How is it possible that Carole's pronunciation of "Tito's" is more surprising than the fact that she's slept with a post-ER/pre-Danny Ocean George Clooney?

Tee. Toes.. Again, I'm probably being crazy and she's probably pronouncing it right, but I was taken aback. It really did sound like it was the first time she'd ever crossed paths with the word and was sounding it out while talking to Tinsley. And yes, the pronunciation is still more damning and strange than Tinsley working overtime to not say the words "therapist" and "anti-depressants." Though maybe that's why, since the subtext was "I'm judging you for drinking on anti-depressants and being a disaster of a person who won't cut her hair or rent one of her apartments." And, sorry Carole: just as I don't think John has a cucumber in his pants, I don't think Clooney is a 9, and I don't think you do, either.

Again, why has Carole taken such an interest in Tinsley? On second thought, Tinsley basically tells her that she isn't drinking to forget but just to get through the day, so thank god someone is.

Is Jason's arrest officially going to come up?

Again, why was no producer plying Ramona with wine and pushing her to bring up Jason's arrest? I'm sure everyone else's phones were blowing up just like Bethenny's, no? And yet nobody said anything! They have to know, don't they? This is my one major complaint about the show: I don't enjoy how everyone orbits around Bethenny like she's the sun. I miss when Heather used to threaten her or push back on some of her emotional antics.

This week's is a great episode regardless; it's just strange how much the arrest comes up without actually really coming up. Luann's marriage continues to take more hits than Bethenny's oft-touted divorce that we really don't know very much about.

Why don't we see the women play games at parties more often?

This week's dinner is incredible.

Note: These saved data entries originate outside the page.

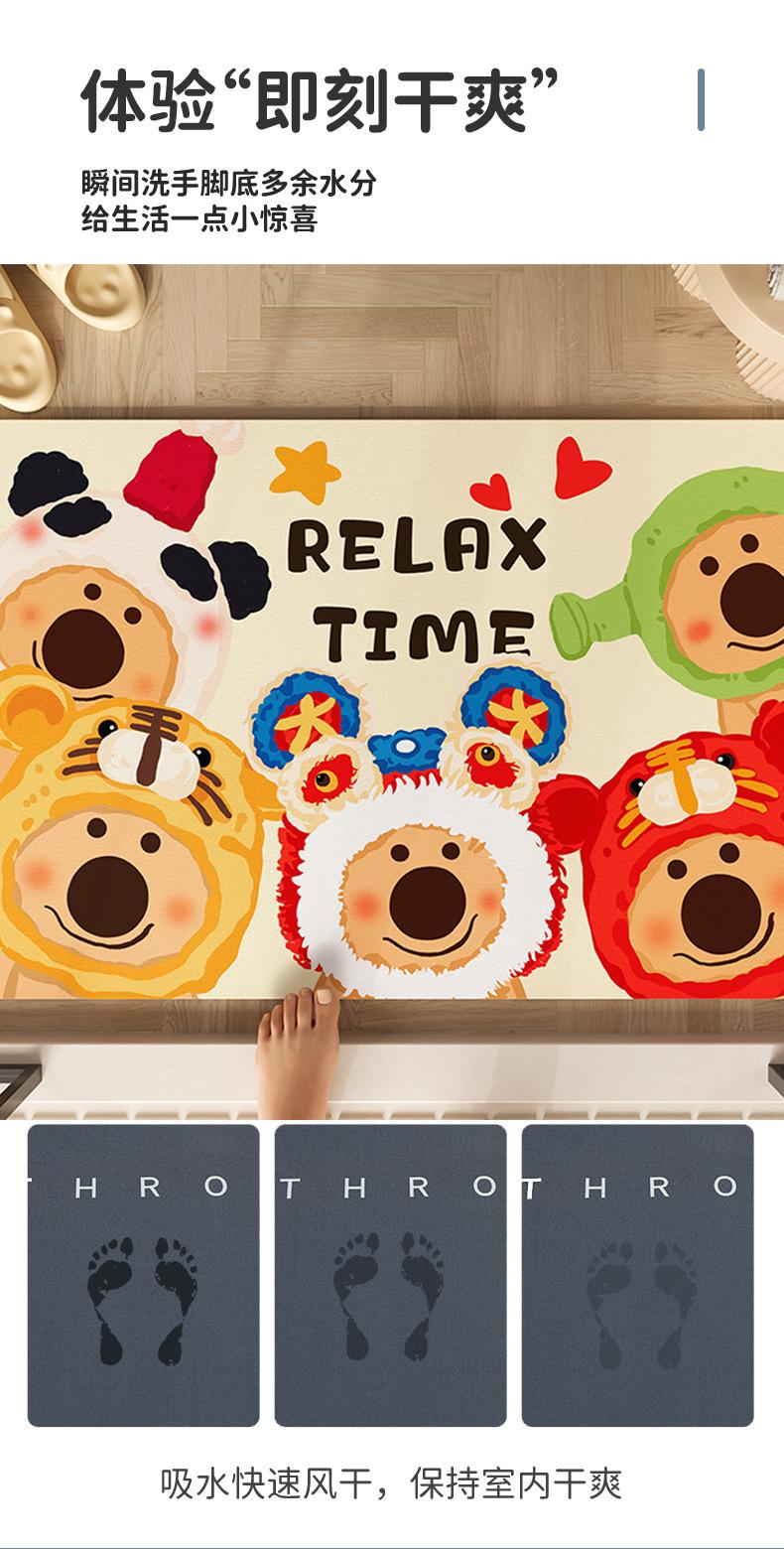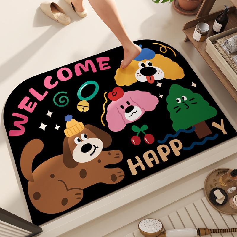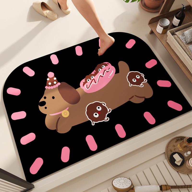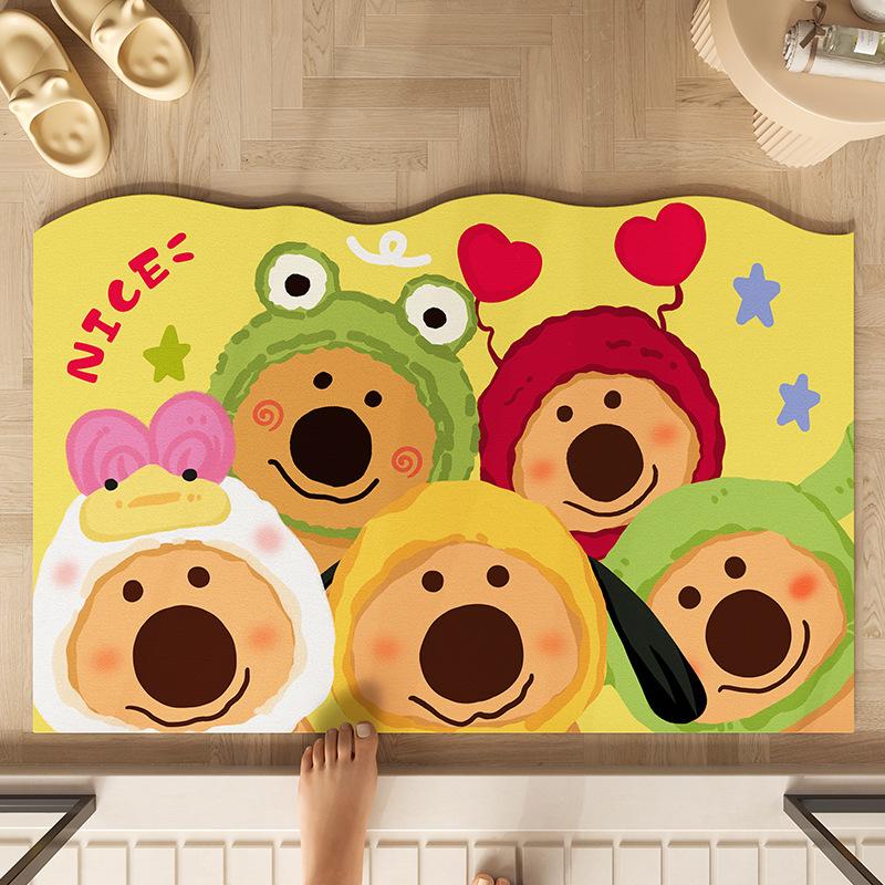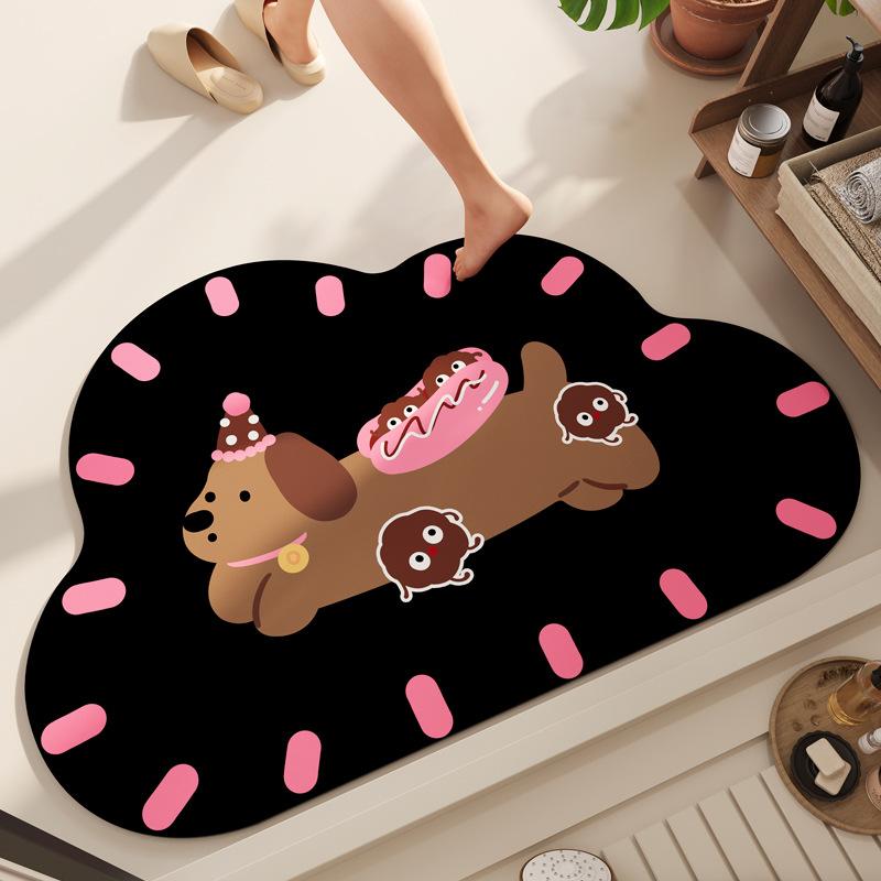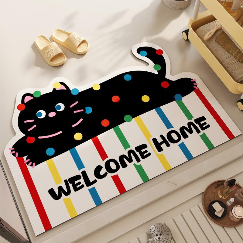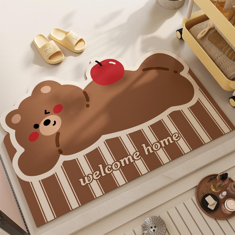 Alfombra de Piso de Baño de Barro Diatómico de Dibujos Animados para el Hogar Absorbente de Agua de Secado Rápido Alfombra para Puerta de Baño Alfombra de Cuidado Fácil Alfombra para Inodoro
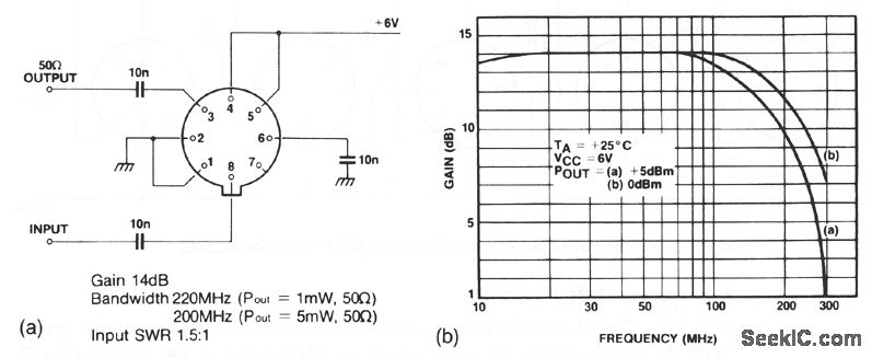 Figure 2-4A shows an SL560 used as a 50-Ω line driver. Figure 2-4B shows the typical frequency response.
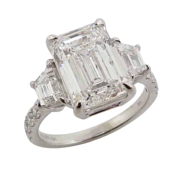 14K White gold three stone engagement ring claw set with a 5.05 carat radiant cut lab grown diamond, E, VS1, and channel set with four baguette lab grown diamonds, 0.74 total carat weight, F/G, VS and claw set with eight round brilliant cut lab grown diamonds, 0.64 total carat weight, F/G, VS.
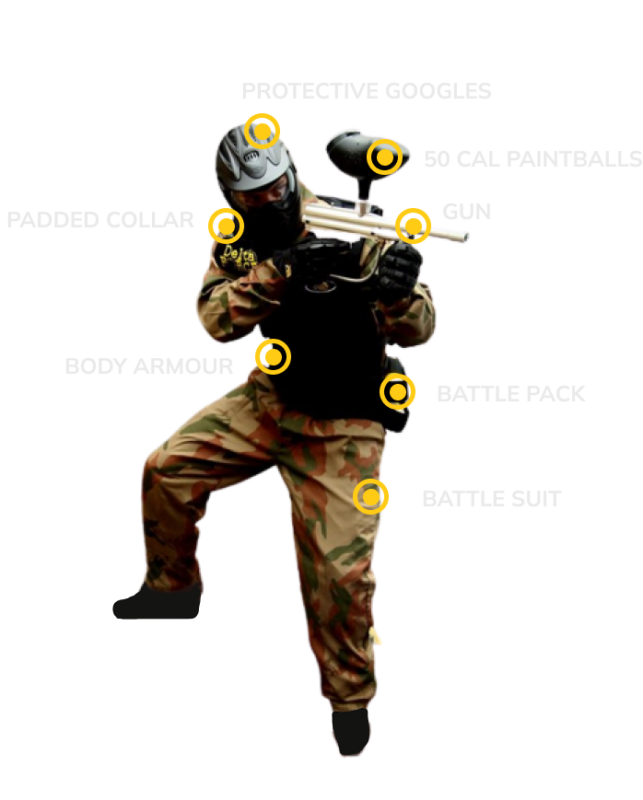 Upon entering our base camp, your combat kit for the session will be provided to you. Everything depicted in the image, excluding the gun, becomes yours at no additional cost when you pay the registration fee.

Instead of staring at each other awkwardly like the ladies in Beverly Hills, the women of New York start playing Truth or Dare and right out of the gate start talking about anal sex and sexually harassing the caterers. Normally, everyone's screaming at each other, but what a fun icebreaker that leads to genuinely shocking and fun conversation until Dorinda stabs it in the face.

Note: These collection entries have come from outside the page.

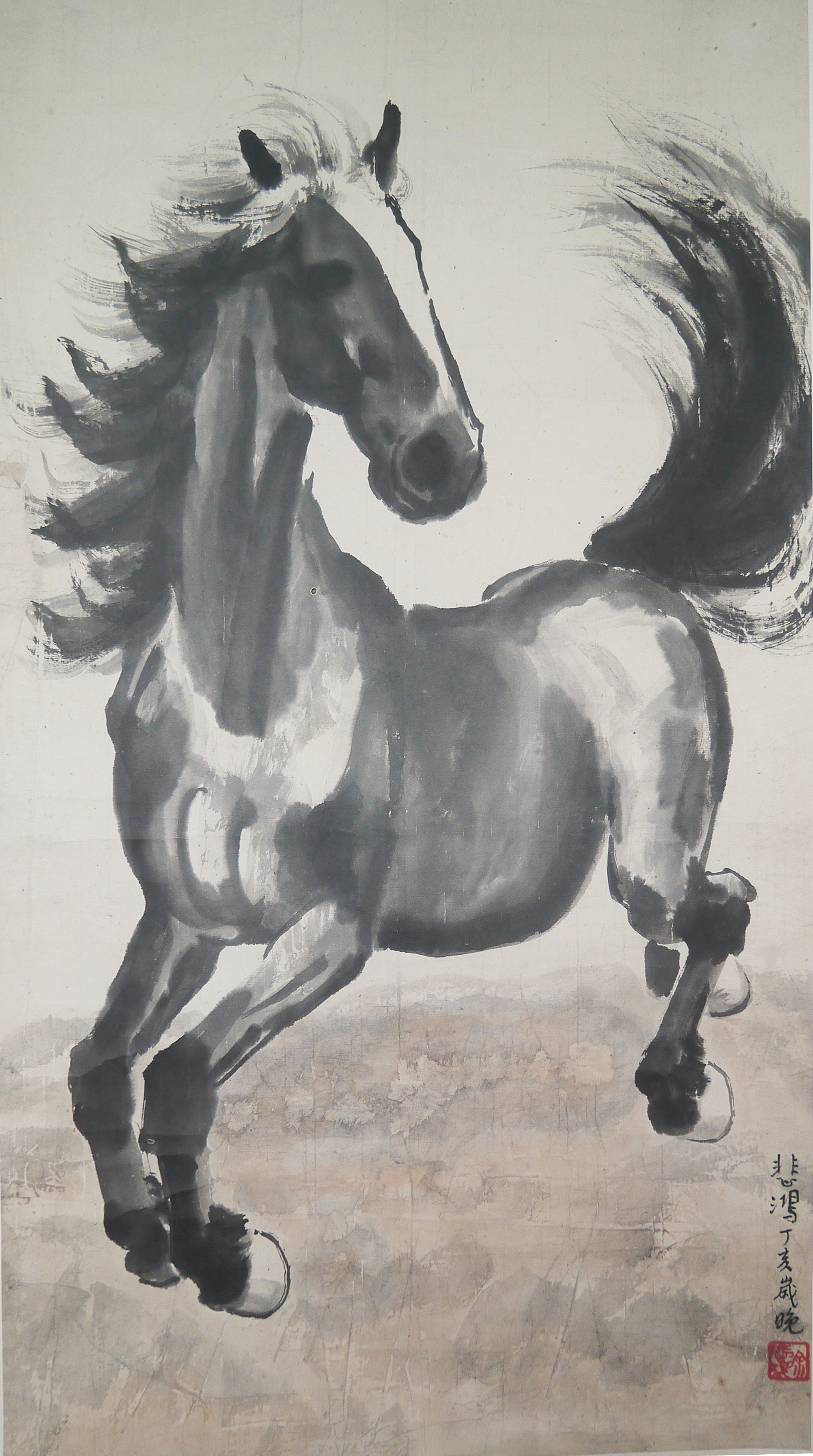 第一篇章「宗師悲鴻」精選26件代表作,涵蓋奔馬系列、人物肖像及花鳥畫,展現徐悲鴻融匯中西的藝術革新。第二篇章「家國情懷」聚焦抗戰主題創作,除《愚公移山》版畫及創作手稿等經典外,還將展出《論民族精神》手稿。第三篇章「薪火相傳」匯聚戴澤、候一民、李斛、姚有多、楊先讓、黃養輝等徐氏弟子的66餘件作品。第四篇章「藝苑新枝」呈現了中青年藝術家對徐悲鴻精神的當代詮釋,何軍委的《徐悲鴻像》,劉銘的《唐人詩意》,高宏的《樺林映雪》,董慧的《紫氣東來》,以現代繪畫筆觸重構傳統意象,彰顯藝術傳承的生生不息。
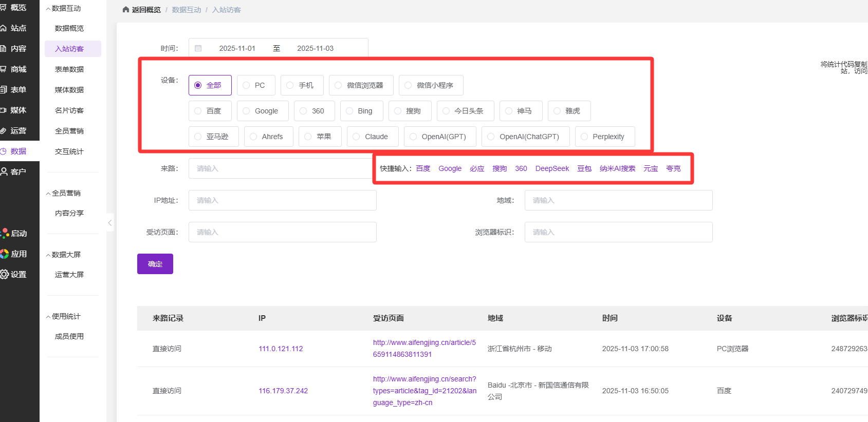 后台数据数据统计将市面上比较热门的蜘蛛类型全部识别,可以轻松查看来源网站的类型,更好的管理网站访客数据。更支持查看ai工具的抓取结果显示。
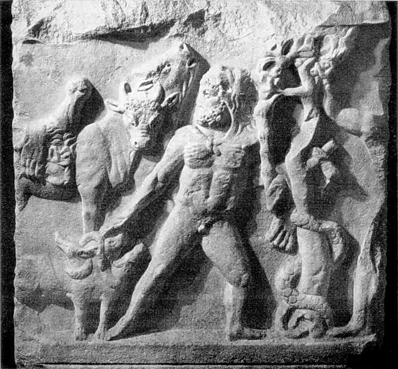 Серед рельєфів, знайдених у Херсонесі та на його околицях, привертають увагу рельєфи II століття н. е., що зображують Гераклові подвиги, – виведення Цербера з Аїда, приборкання крітського бика, викрадення яблук Гесперид тощо (іл. 41) [Г. Д. Белов. Херсонесские рельефы.- «Вестник древней истории», 1940, № 3-4, стор. 266-287].
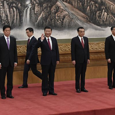We ask what the new makeup of China's ruling elite means for both China and the world. Rebecca Nadin is a China expert at the London think tank the Overseas Development Institute, and offers us her assessment. Also in the programme, Britain's economic growth rate has accelerated slightly. We take the temperature of the British economy with our regular commentator, Roger Bootle of Capital Economics. New Zealand's new prime minister Jacinda Ardern has pledged to curtail rising house prices by banning non-resident foreigners from buying homes in the country. Colin Peacock of Radio New Zealand tells us if the plan is likely to work. Plus we hear why a British celebrity has fallen foul of the UK's advertising watchdog because of her activity on Snapchat. (Picture: China's new politburo. Picture credit: AFP / Getty Images.)

Speaking of which: Bethenny says she enjoys icebreakers and always does them when she has events, and I'm going to have to call bullshit. We've seen Bethenny's parties and they're so sterile and lifeless. She wishes she had a Truth or Dare icebreaker instead of that big dumb luge.

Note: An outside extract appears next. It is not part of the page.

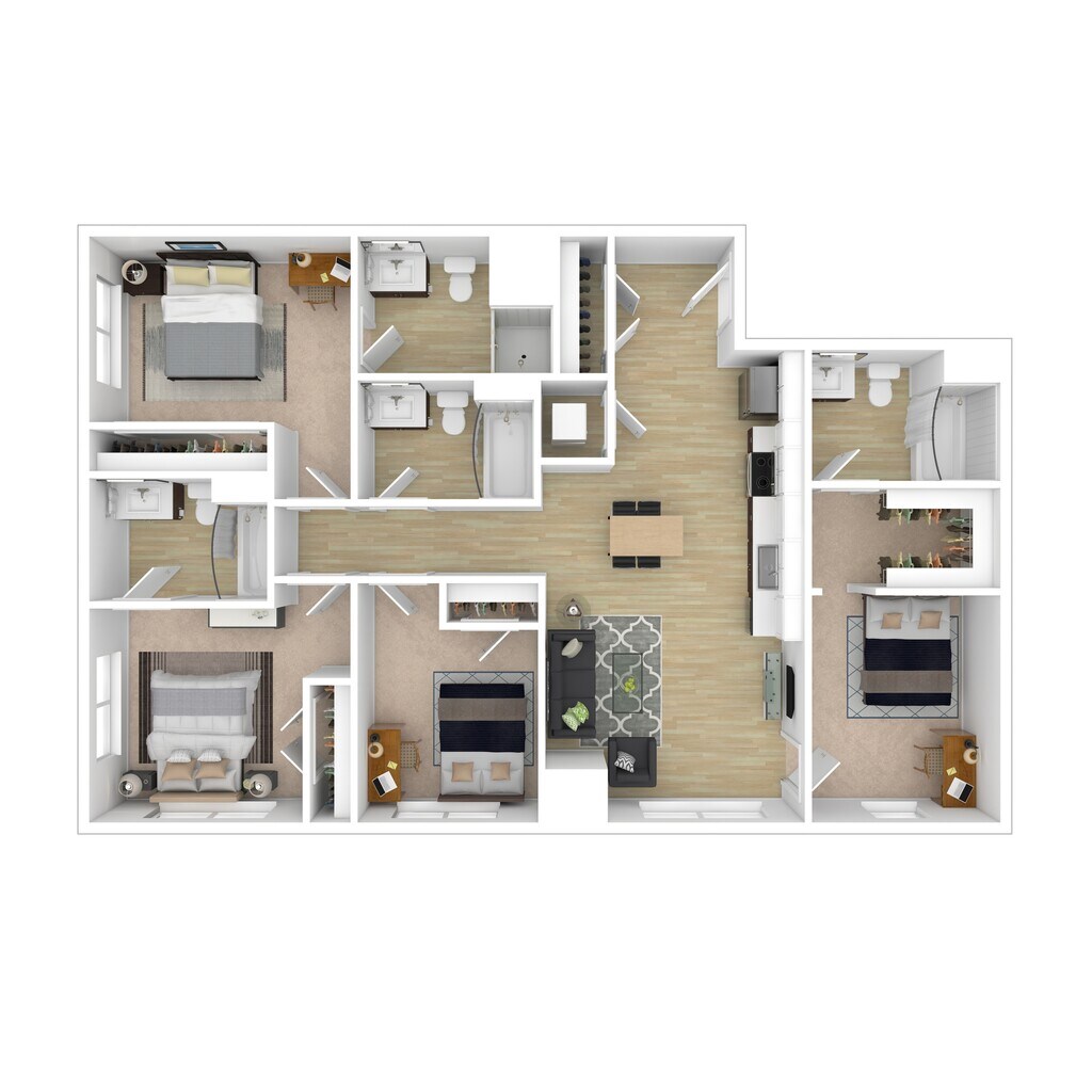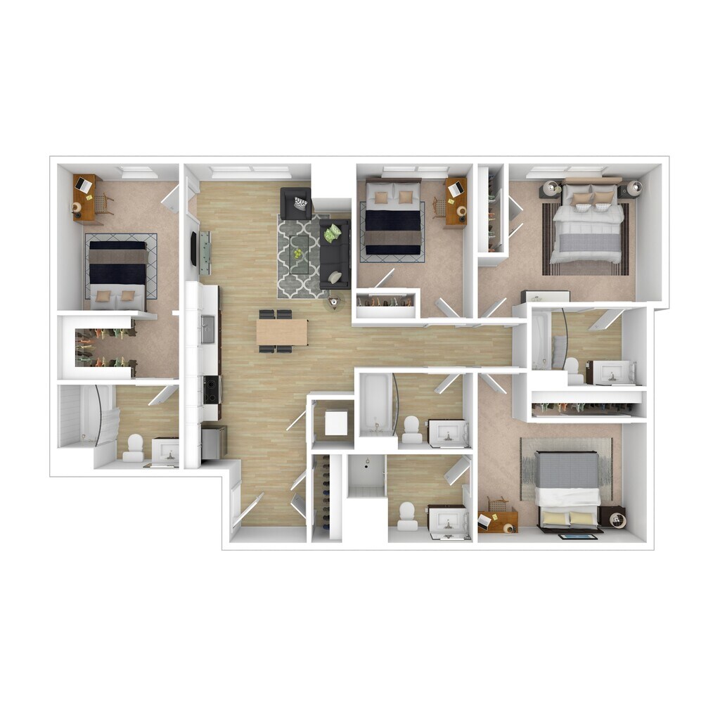 Modelo de apartamento: D54 Dormitorios, 4 Baños, 1226 sq ftNo Disponible![]()

Will Ramona be invited to Mexico?

Considering I think we've seen her in the trip promo, I'm going to go ahead and say yes.

Will anyone ever quote Shakespeare correctly?

No, I don't think they will. But I'm eagerly waiting for the day it happens! I'm shocked there hasn't been a spinoff where a dozen randomly selected Housewives are forced to take a high school-level Shakespeare course. Can we get on that?